ENTRIES SHOWN below:

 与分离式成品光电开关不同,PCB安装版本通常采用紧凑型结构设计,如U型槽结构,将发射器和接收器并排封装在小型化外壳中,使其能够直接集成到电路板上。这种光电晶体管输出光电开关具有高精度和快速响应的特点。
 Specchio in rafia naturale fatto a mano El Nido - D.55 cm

End of ENTRIES SHOWN.
ENTRIES SHOWN below:

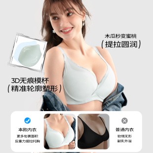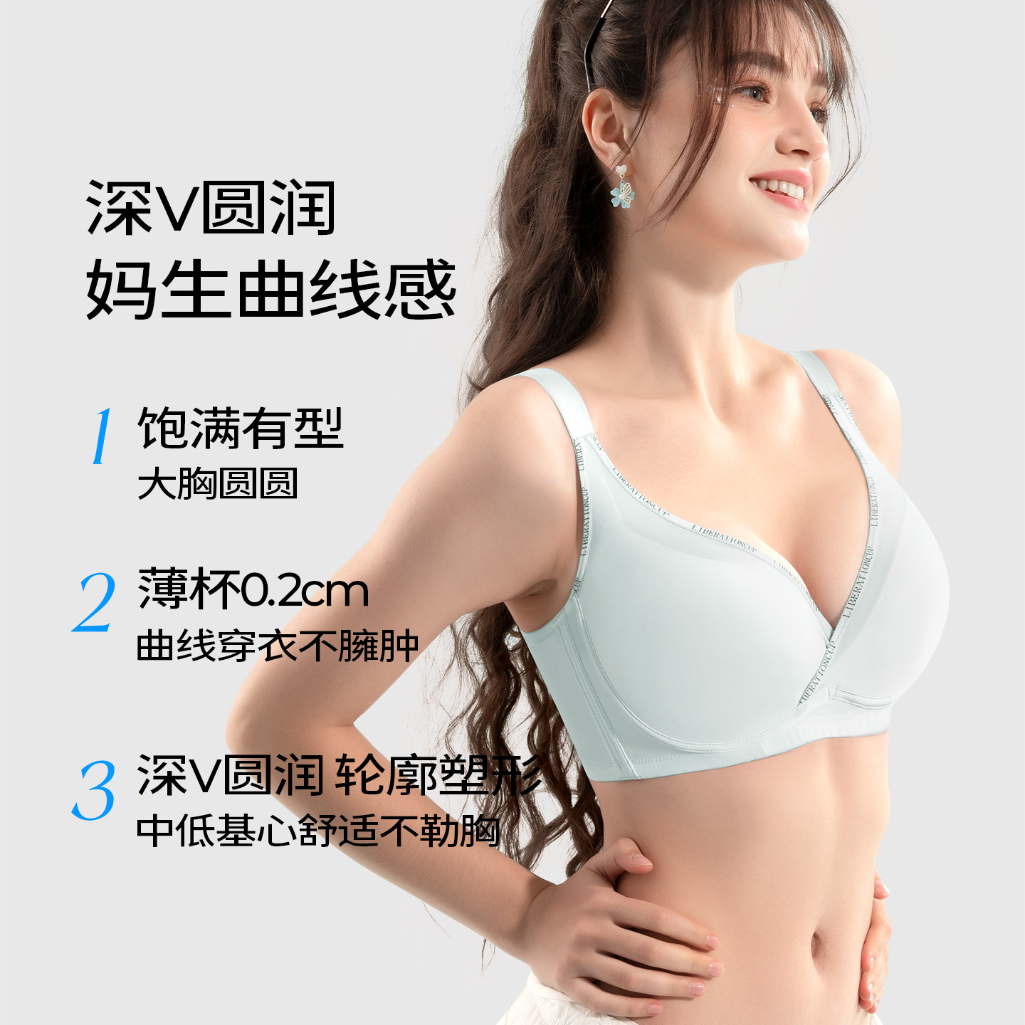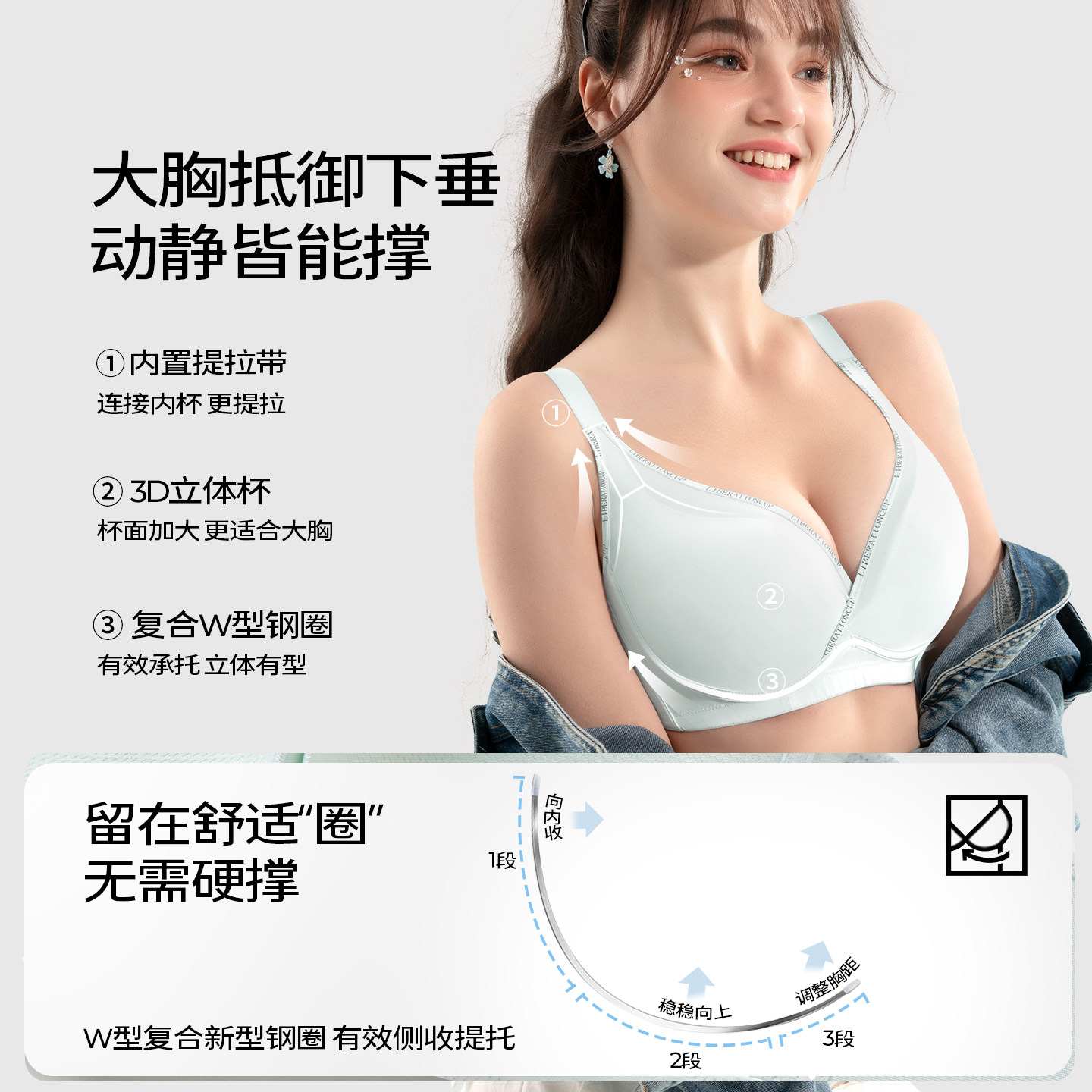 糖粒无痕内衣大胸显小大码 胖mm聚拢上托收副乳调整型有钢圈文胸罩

End of ENTRIES SHOWN.

The entries above hold the needed span. Transcribe exactly the lines from the one with "与分离式成品光电开关不同,P" to the one with "Specchio in rafia", both included.

SOLUTION:
 与分离式成品光电开关不同,PCB安装版本通常采用紧凑型结构设计,如U型槽结构,将发射器和接收器并排封装在小型化外壳中,使其能够直接集成到电路板上。这种光电晶体管输出光电开关具有高精度和快速响应的特点。
 Specchio in rafia naturale fatto a mano El Nido - D.55 cm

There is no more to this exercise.